Энди злится. Отворачивается, встает.
— Поедем куда-нибудь. Я покормлю тебя.
— Я что, собака? — огрызается парень.
— Нет, но сквозь тебя можно видеть, что за спиной.
— Знаешь, последнее время почему-то никто не жаждет меня содержать. Наверное, квалификацию потерял, — он старается говорить спокойно, но Маккена видит, насколько у него не получается.
Рой обнимает его со спины, прижимаясь щекой.
— Я не хотел тебя обидеть.
— Раз не хотел, то и не делай, — отвечает парень, отворачивая лицо.
— Я не могу на это смотреть!
— Потерпи, сейчас уйду.
— Куда?!
Энди резко разворачивается.
— Даже не знаю, как тебе ответить, чтобы ты поверил. Домой. Знаешь, мне как-то немного утром на работу надо. Не хочу ее потерять. Представляешь, почему-то не вышел я талантом быть свободным художником, так что приходится работать на хозяина и на жизнь. Ну, в общем, как-то приблизительно так.
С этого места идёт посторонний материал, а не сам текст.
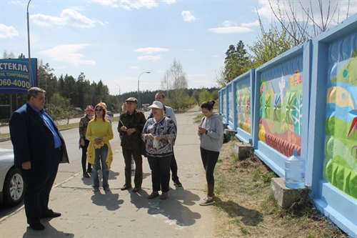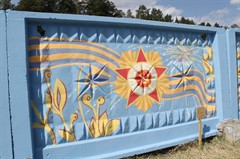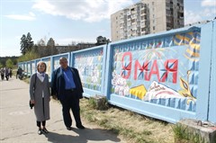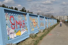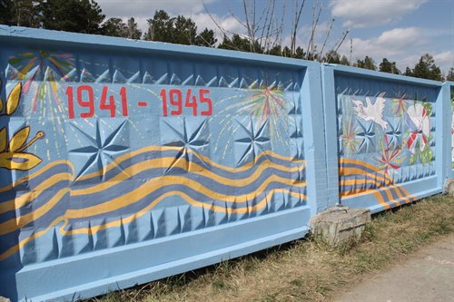 На въезде в Саянск педагоги детской школы искусств художественно оформили стену, обрамляющую один из объектов. Тема – 75-летие Великой Победы и 50-летие города Саянска.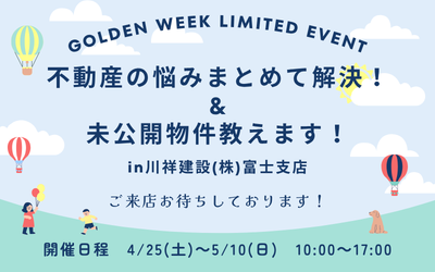 4月25日(土)~5月10日(日)GWだけの特別開催!不動産の悩み、全部まとめて解決します&未公開物件教えます!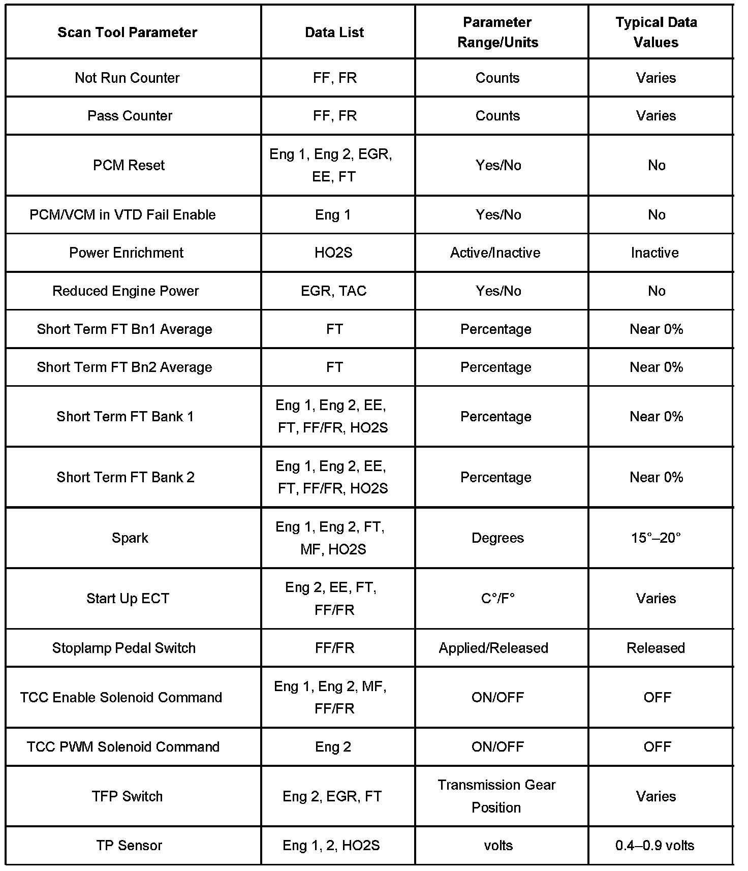 The Engine Scan Tool Data List contains all engine related parameters that are available on the scan tool. The list is arranged in alphabetical order. A given parameter may appear in any one of the data lists, and in some cases may appear more than once, or in more than one data list in order to group certain related parameters together.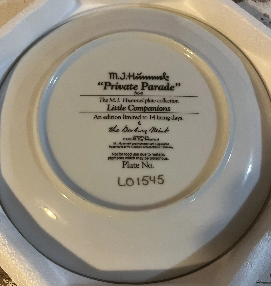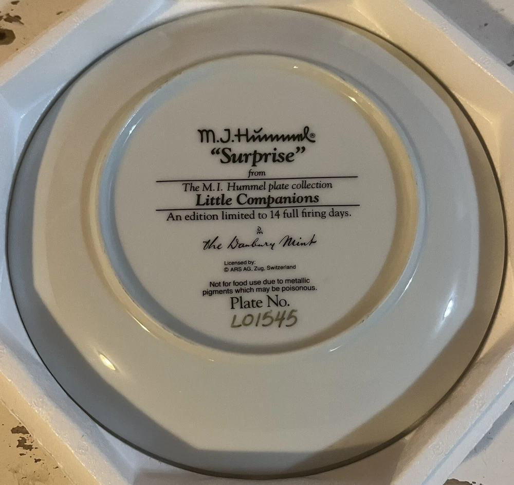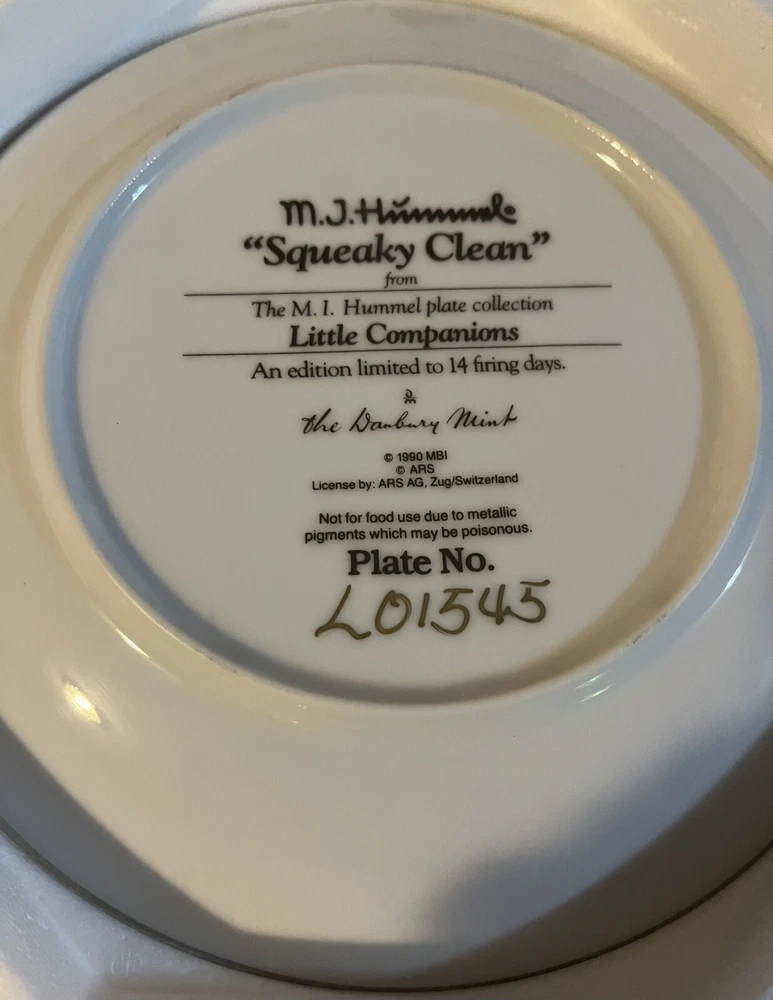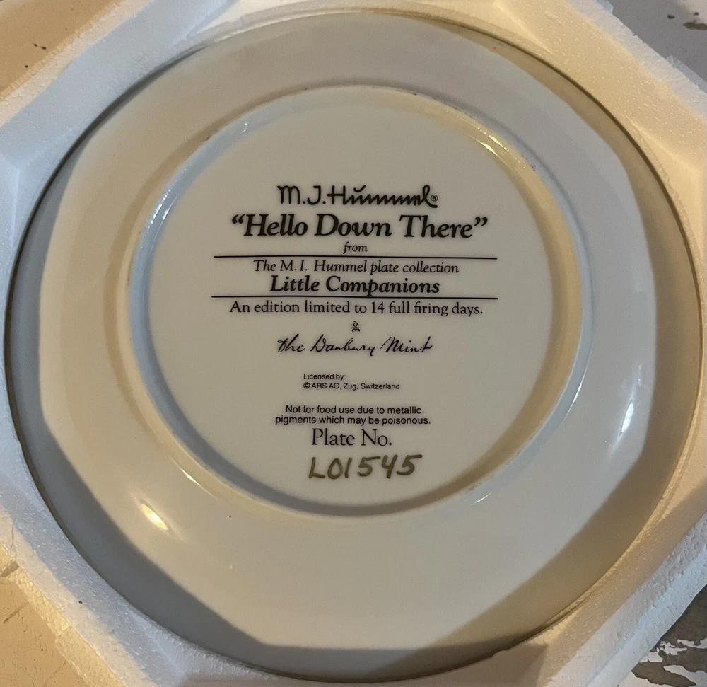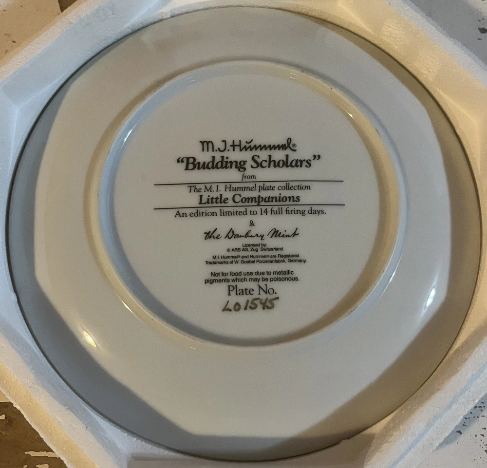 This is a vintage set of 12 collector plates from The Danbury Mint, featuring the M.I. Hummel Little Companions series. Each plate showcases a different scene of children, and is part of a product line that has become popular among collectors. The plates are a great addition to any decorative collectibles or collector plate collection. All plates are limited edition and part of a series that was only made for 14 firing days back in 1990. Each plate is numbered as well, helping to make this collection even more of a significant part of your collection. Each plate comes in its original packing as well, to help keep these plates safe during shipping as well as safe in your home when being stored as well. 1. Squeaky Clean 2. Private Parade 3. Tender Loving Care 4. Stormy Weather 5. Little Explorers 6. Hello Down There 7. Country Crossroads 8. Surprise 9. Apple Tree Boy & Girl 10. Budding Scholars 11. Come Back Soon 12. Little Musicians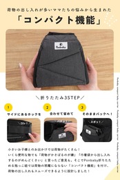 【感動コンパクト】荷物の出し入れが多いママたちの悩みから生まれた「コンパクト機能」。サイドにあるホックを合わせて留めてそのままバックへ!小さいお子様とのお出かけでは荷物がたくさん!いくら便利な物でも「荷物がかさばるのが嫌」「巾着袋から出し入れするのがめんどくさい」と言ったご意見も。そこでPonbaby折りたためる抱っこ紐では荷物の邪魔にならない「コンパクト機能」を付け、荷物の出し入れもスムーズできるように設計しました!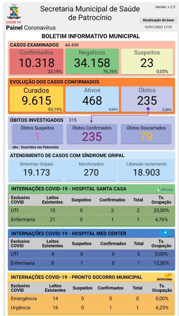 A Secretaria Municipal de Saúde de Patrocínio divulgou nesta segunda-feira (10) o novo boletim epidemiológico de coronavírus.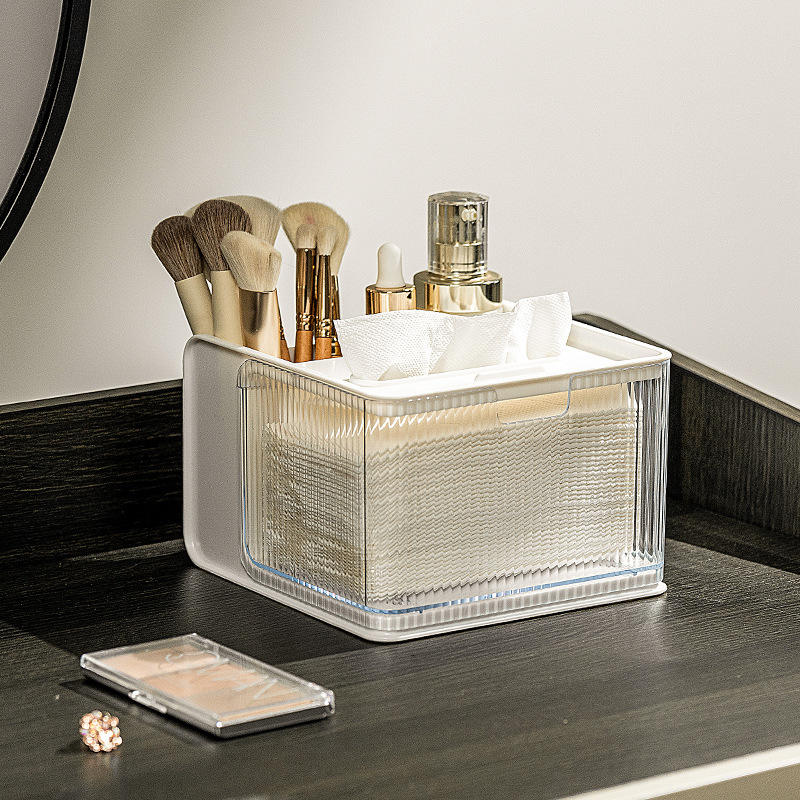 Caja de pañuelos multifuncional, organizador de almacenamiento de escritorio de plástico rectangular con soporte para teléfono para oficina, dormitorio, sala de estar

Рой ошеломлен. Потерян. Он не может ничего сообразить, кроме того, что Энди сейчас уйдет.
— Не уходи.
— Не могу, и ты это знаешь.
— Не знаю я ни черта! И не хочу ни черта знать!
Отчаяние втянуло его с головой. Как воронка. Целиком.
— Пожалуйста.
Энди остановился и так и остался стоять, не оборачиваясь.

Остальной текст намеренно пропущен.